Blips
Blue Lady
“I couldn’t play after school because I had to hurry to the radio station to do my show,” says Betty Johnson, recalling her 1940s role as the youthful lead singer of The Johnson Family Singers. And that wasn’t just any little station; it was WBT, whose 50-kilowatt signal reaches New Hampshire from Charlotte, N.C. The religious songs that her family group performed are still in Betty’s repertoire today.

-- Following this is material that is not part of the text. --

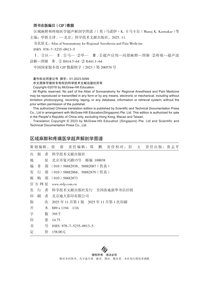 2025年新书:区域麻醉和疼痛医学超声解剖学图谱 毕胜主译(科学技术文献出版社)

In her New Hampshire home there are current CDs that she sells through betty-johnson.com, and there are musical charts she prepared for a performance at Haverhill’s Alumni Hall, but there is nearly nothing from the peak of her fame, 1955-60. She purged most of the memorabilia when she made her most serious attempt to settle down. Now at an age that some would consider the retirement bracket, she’s re-energized and taking a more active role than ever. She often travels to Spain for recording sessions.
Between North Carolina and New Hampshire, she spent many years in New York and Chicago earning fame as a wholesome and lighthearted pop singer. Arthur Godfrey and Eddy Arnold were early boosters of her pop career. She was a regular on the early “Tonight Show” with Jack Paar and on “Don McNeill’s Breakfast Club” on the ABC Radio Network. On disc, “I Dreamed” was her biggest hit, breaking into the top 10 in Billboard in late 1956.
“The Little Blue Man” now gets the most mentions from fans. In a year of witch doctors and purple people eaters (1958), the musical tale of an ardent but alien admirer was mainstream material. And it etched durable memories into many a young mind, as novelty songs are likely to do. When those baby boomers hear or read Betty Johnson’s name today, they immediately recall the blue man’s incessant refrain, “I wuv you, I wuv you to bits.” Though Betty sang of her dislike for the guy, she likes the song well enough that she has started singing it again in some live appearances. It seems that the little blue man has given her a lesson in being persistent. — David Marston
Preservation magazine turned a jaundiced eye on downtown Concord recently, singling out the bright-green exterior panels of Endicott Furniture for inclusion in its “Yikes” section (the preservationist equivalent of Mr. Blackwell’s Worst Dressed List). The Concord Monitor reports that the tacky fiberglass paneling went up about the time the Concord train station came down and a modernization fad was sweeping downtowns.
No one asked us, but when Blips heard about the latest controversy over what greeting to post on the official New Hampshire welcome signs, a compromise seemed obvious. How about “You’re Going to Love it Here or Die”? Maybe in French?
A Modest Proposal: National privacy rights groups and RFID marketers are eyeing NH House Bill 203, which would require that no item “to which a tracking device or devices have been affixed or implanted shall be sold or offered for sale or provided to a consumer without a label containing a universally accepted symbol.” We’re willing to allow them to use the newt. He’s pretty universally accepted.
The Band June is a group of boomers from in and around Bow who play great original bluesy folk rock that evokes the ‘60s without getting mired in them. Their slick Web site (thebandjune.com) notes that in March they played NYC’s “CB F’n GBs.” Cool.